= Beginning of Section =

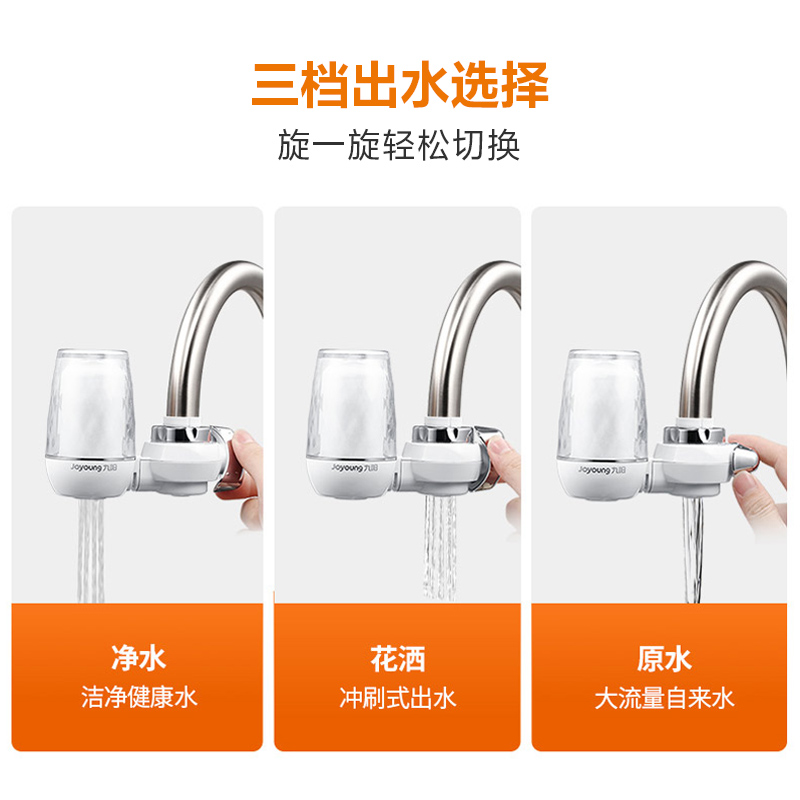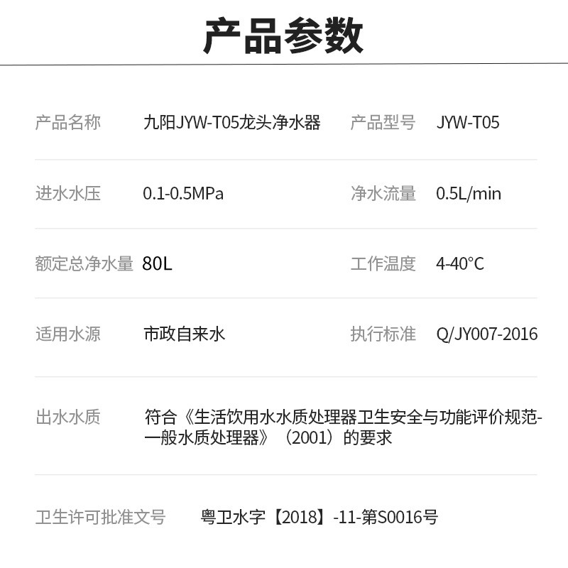 这款Joyoung 九阳 JYW-T05 水龙头台式净水机,升级全透明机身,滤芯状况看得见。原装四芯,两年套装。加大加粗滤芯,过滤面积增多,真材实料用料足。5重过滤,健康好水,滴滴纯净。三档出水,旋一旋轻松切换。适用龙头直径15.22mm的水龙头。净水流量0.5L/min,额定总净水量30L。
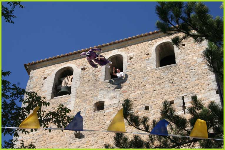 La Compagnie Vendaqui a fait un bond en arrière de huit siècles. D’où l’irruption du belliqueux Comte de Toulouse. Des moines damnés ont été jetés du haut du beffroi de la collégiale. Mais le camp des Templiers veillait à vaincre l’intrus. Les loups du Castel ont superbement dansé. L’enclave moyenâgeuse battait son plein.
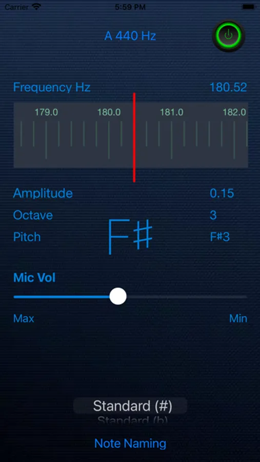 This tuning app also works as a pitch pipe and can sound a reference note to tune your instrument. Pitched Tuner displays a traditional tuner needle and dial. It clearly shows the frequency being played as well as the nearest note and error in cents. The dial then allows you to easily track small changes in pitch. A separate volume indicator tells you how clearly the microphone is picking up your instrument sound.
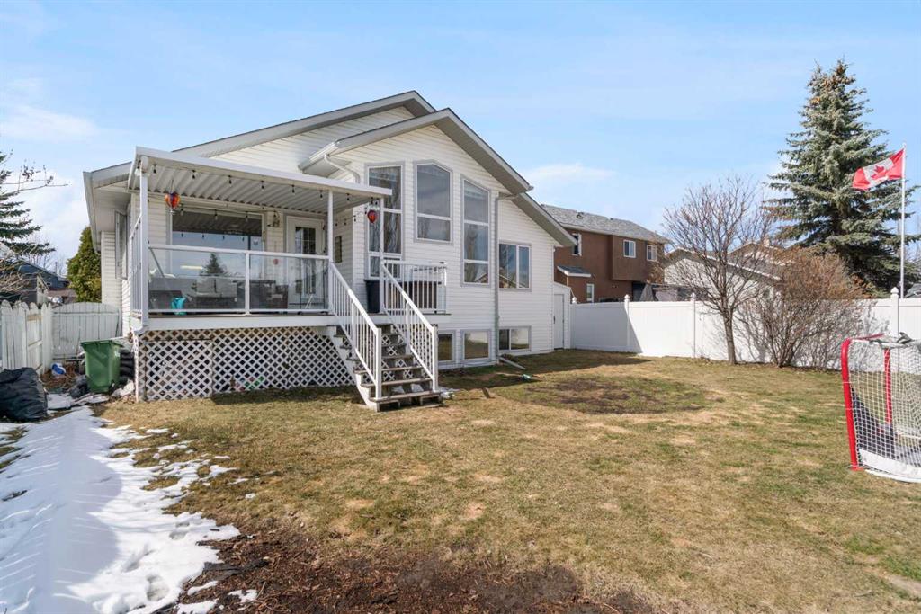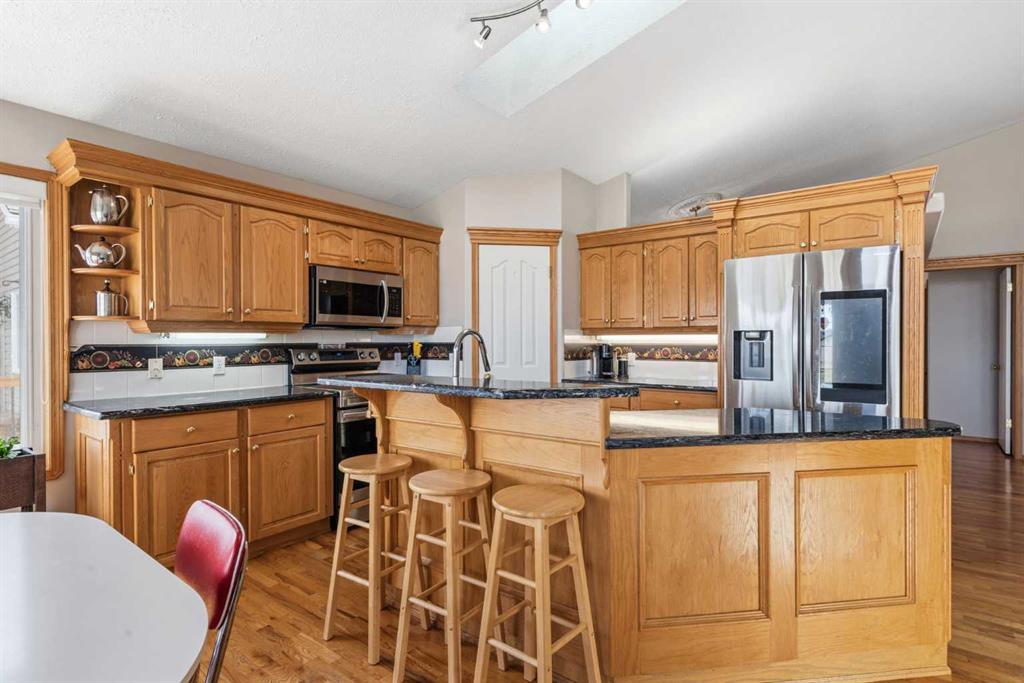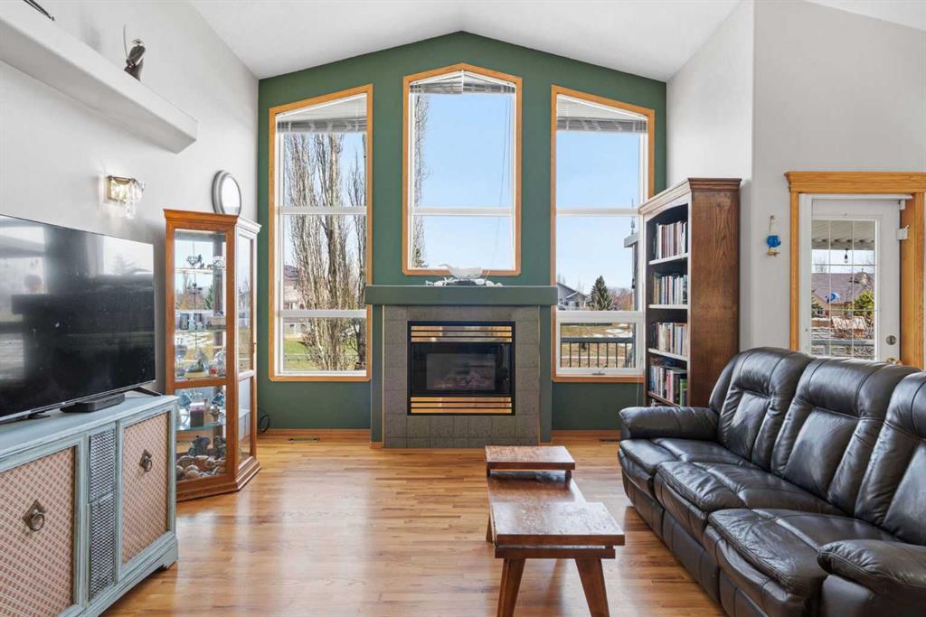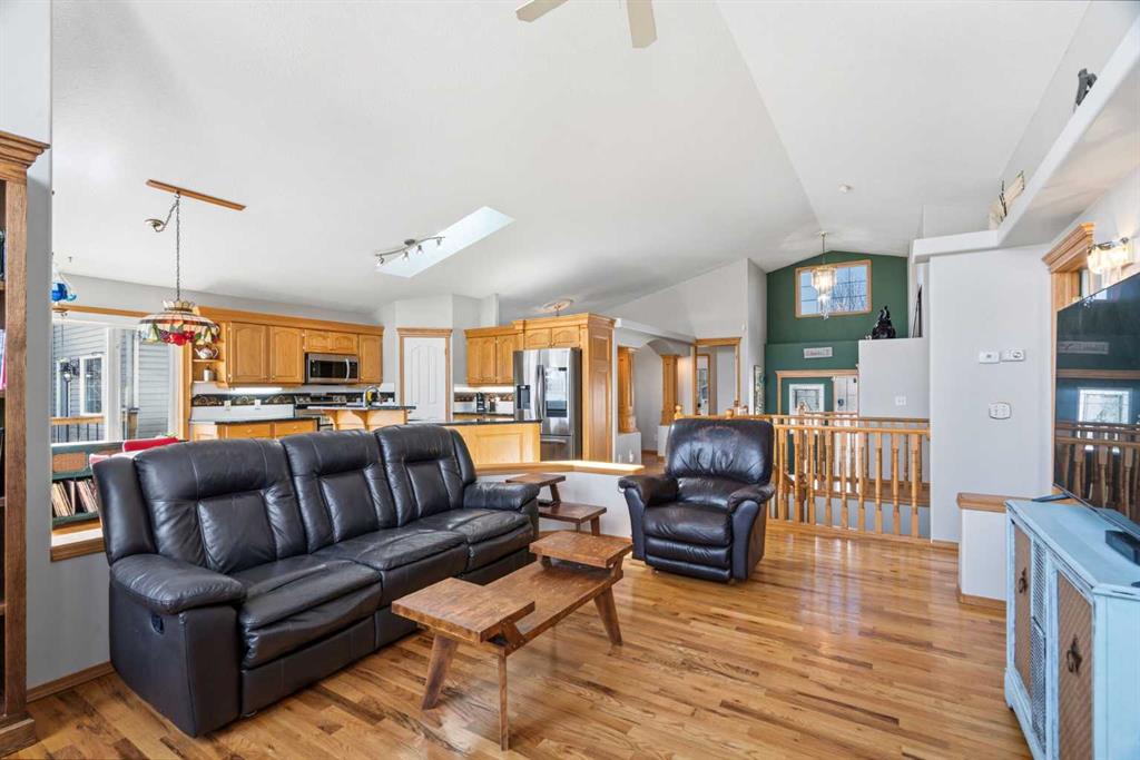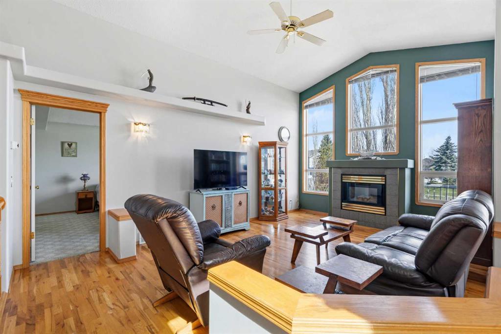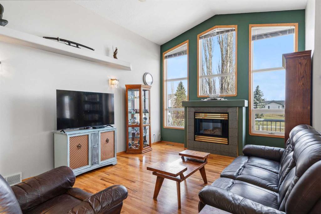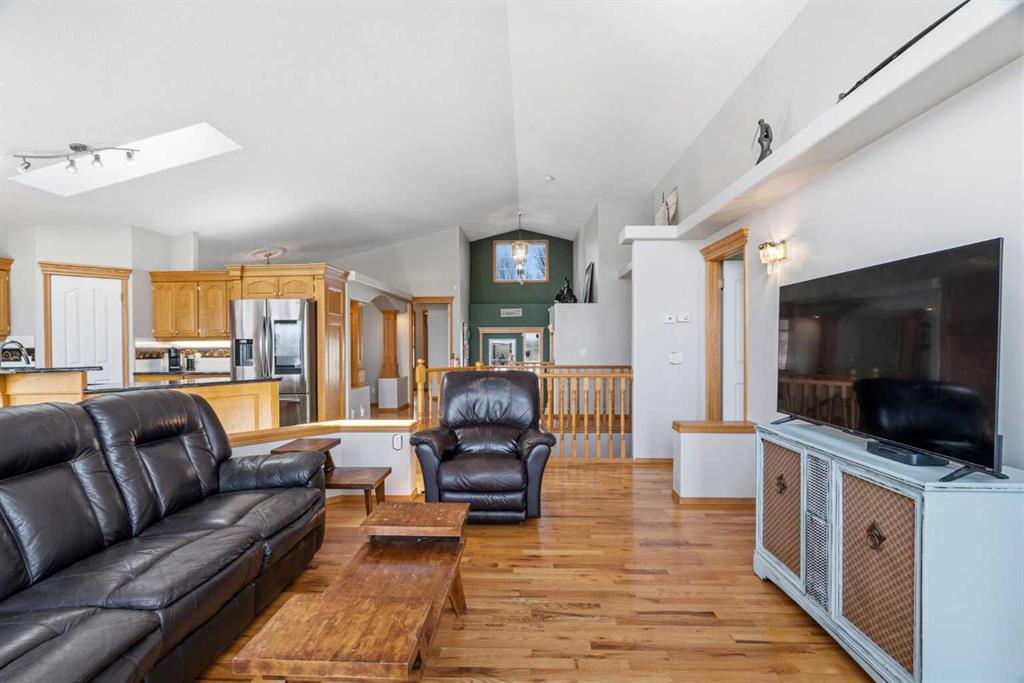 Welcome to this exceptional raised bungalow in the sought after community of Cambridge Glen in Strathmore, an ideal home for the discerning buyer seeking space, quality & a truly special setting. Backing directly onto a massive green space & park, this beautifully maintained & updated residence offers 1,482 sq. ft. above grade & 1,298 sq ft of professional development in the lower level, delivering outstanding functionality for families of all sizes. From the moment you arrive, the home’s curb appeal, featuring stone trim detail & an oversized, double-attached garage with direct interior access & thoughtful built-in storage, sets the tone for what lies within. Inside, the bright, open concept layout greets you, enhanced by soaring vaulted ceilings, new skylights, solid hardwood flooring & expansive windows that flood the home with natural light. The main floor is designed for both everyday comfort & elegant entertaining. A stunning great room features a cozy gas fireplace & a full wall of windows overlooking the park behind, while a formal dining room with artistic pillar detailing adds a touch of sophistication. The spacious kitchen is well appointed with granite countertops, newer stainless steel appliances, including a side-by-side fridge with front display, ample solid oak cabinetry, a central island with a raised eating bar, a corner walk-in pantry & an adjacent spacious nook area surrounded by windows. The primary suite is a true retreat, showcasing vaulted ceilings, a spacious walk-in closet & a luxurious 4 piece ensuite complete with a deep soaker tub, plus a separate shower & water closet area. A second main floor bedroom, also ideal as a home office, along with convenient main floor laundry enhances the home’s versatility. The raised bungalow design & oversized windows make the lower level incredibly bright & inviting, offering incredible additional living space. Here you’ll find three generous bedrooms, a large recreation and games area (perfect for a pool table or movie nights), a full 3-piece bathroom & abundant additional storage. Step outside to your private backyard oasis. The covered composite deck overlooks a beautifully landscaped, fully fenced yard that seamlessly extends into the expansive park / green space beyond, connecting you to many parks including Dinosaur Hill – an unbeatable setting for families, entertaining, or simply enjoying the outdoors. This home has been meticulously maintained & thoughtfully upgraded. Updates include new shingles (2025), fresh interior paint (2026), newer appliances, furnace serviced & air ducts cleaned(2025), water tank (2023), updated skylights (2023), removal of all Poly-B plumbing, central A/C, central vacuum & underground irrigation. With five bedrooms, 2.5 bathrooms, multiple living & entertaining spaces, plus a premium park location, this home offers an exceptional balance of luxury, practicality & lifestyle. Close to schools, pathways, recreation facilities, shopping, hospital, golf course
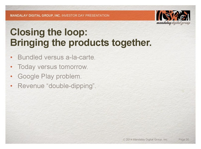 Closing the loop: Bringing the products together. • Bundled versus a - la - carte. • Today versus tomorrow. • Google Play problem. • Revenue “double - dipping”. MANDALAY DIGITAL GROUP, INC. INVESTOR DAY PRESENTATION © 2014 Mandalay Digital Group, Inc. Page 30
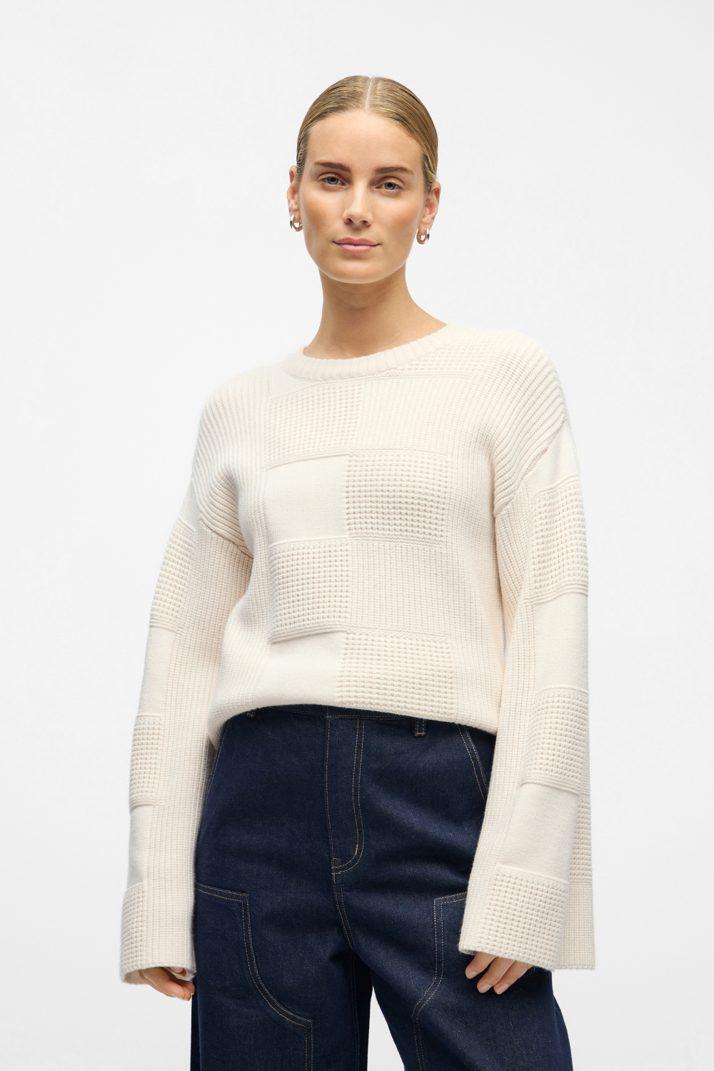 Deze stijlvolle witte trui van Object is de perfecte aanwinst voor jouw wintergarderobe. Gemaakt van een gebreide stof met een intrigerend structuurpatroon, zorgt deze trui voor een subtiele en toch opvallende look. De ronde halslijn en de lange mouwen bieden zowel comfort als warmte, ideaal voor de koudere dagen. Met een regular fit pasvorm sluit de trui goed aan voor een relaxte, maar nette uitstraling. De White Sand/Melange kleur geeft een moderne twist die makkelijk te combineren is met diverse kledingstukken, of je nu een dagje thuis bent of een casual afspraak buiten de deur hebt.

= End of Section =

| TASK DETAILS |
What is needed is a word-for-word copy of the records above, excluding pictures.

| TASK OUTPUT |
 这款Joyoung 九阳 JYW-T05 水龙头台式净水机,升级全透明机身,滤芯状况看得见。原装四芯,两年套装。加大加粗滤芯,过滤面积增多,真材实料用料足。5重过滤,健康好水,滴滴纯净。三档出水,旋一旋轻松切换。适用龙头直径15.22mm的水龙头。净水流量0.5L/min,额定总净水量30L。
 La Compagnie Vendaqui a fait un bond en arrière de huit siècles. D’où l’irruption du belliqueux Comte de Toulouse. Des moines damnés ont été jetés du haut du beffroi de la collégiale. Mais le camp des Templiers veillait à vaincre l’intrus. Les loups du Castel ont superbement dansé. L’enclave moyenâgeuse battait son plein.
 This tuning app also works as a pitch pipe and can sound a reference note to tune your instrument. Pitched Tuner displays a traditional tuner needle and dial. It clearly shows the frequency being played as well as the nearest note and error in cents. The dial then allows you to easily track small changes in pitch. A separate volume indicator tells you how clearly the microphone is picking up your instrument sound.
 Welcome to this exceptional raised bungalow in the sought after community of Cambridge Glen in Strathmore, an ideal home for the discerning buyer seeking space, quality & a truly special setting. Backing directly onto a massive green space & park, this beautifully maintained & updated residence offers 1,482 sq. ft. above grade & 1,298 sq ft of professional development in the lower level, delivering outstanding functionality for families of all sizes. From the moment you arrive, the home’s curb appeal, featuring stone trim detail & an oversized, double-attached garage with direct interior access & thoughtful built-in storage, sets the tone for what lies within. Inside, the bright, open concept layout greets you, enhanced by soaring vaulted ceilings, new skylights, solid hardwood flooring & expansive windows that flood the home with natural light. The main floor is designed for both everyday comfort & elegant entertaining. A stunning great room features a cozy gas fireplace & a full wall of windows overlooking the park behind, while a formal dining room with artistic pillar detailing adds a touch of sophistication. The spacious kitchen is well appointed with granite countertops, newer stainless steel appliances, including a side-by-side fridge with front display, ample solid oak cabinetry, a central island with a raised eating bar, a corner walk-in pantry & an adjacent spacious nook area surrounded by windows. The primary suite is a true retreat, showcasing vaulted ceilings, a spacious walk-in closet & a luxurious 4 piece ensuite complete with a deep soaker tub, plus a separate shower & water closet area. A second main floor bedroom, also ideal as a home office, along with convenient main floor laundry enhances the home’s versatility. The raised bungalow design & oversized windows make the lower level incredibly bright & inviting, offering incredible additional living space. Here you’ll find three generous bedrooms, a large recreation and games area (perfect for a pool table or movie nights), a full 3-piece bathroom & abundant additional storage. Step outside to your private backyard oasis. The covered composite deck overlooks a beautifully landscaped, fully fenced yard that seamlessly extends into the expansive park / green space beyond, connecting you to many parks including Dinosaur Hill – an unbeatable setting for families, entertaining, or simply enjoying the outdoors. This home has been meticulously maintained & thoughtfully upgraded. Updates include new shingles (2025), fresh interior paint (2026), newer appliances, furnace serviced & air ducts cleaned(2025), water tank (2023), updated skylights (2023), removal of all Poly-B plumbing, central A/C, central vacuum & underground irrigation. With five bedrooms, 2.5 bathrooms, multiple living & entertaining spaces, plus a premium park location, this home offers an exceptional balance of luxury, practicality & lifestyle. Close to schools, pathways, recreation facilities, shopping, hospital, golf course
 Closing the loop: Bringing the products together. • Bundled versus a - la - carte. • Today versus tomorrow. • Google Play problem. • Revenue “double - dipping”. MANDALAY DIGITAL GROUP, INC. INVESTOR DAY PRESENTATION © 2014 Mandalay Digital Group, Inc. Page 30
 Deze stijlvolle witte trui van Object is de perfecte aanwinst voor jouw wintergarderobe. Gemaakt van een gebreide stof met een intrigerend structuurpatroon, zorgt deze trui voor een subtiele en toch opvallende look. De ronde halslijn en de lange mouwen bieden zowel comfort als warmte, ideaal voor de koudere dagen. Met een regular fit pasvorm sluit de trui goed aan voor een relaxte, maar nette uitstraling. De White Sand/Melange kleur geeft een moderne twist die makkelijk te combineren is met diverse kledingstukken, of je nu een dagje thuis bent of een casual afspraak buiten de deur hebt.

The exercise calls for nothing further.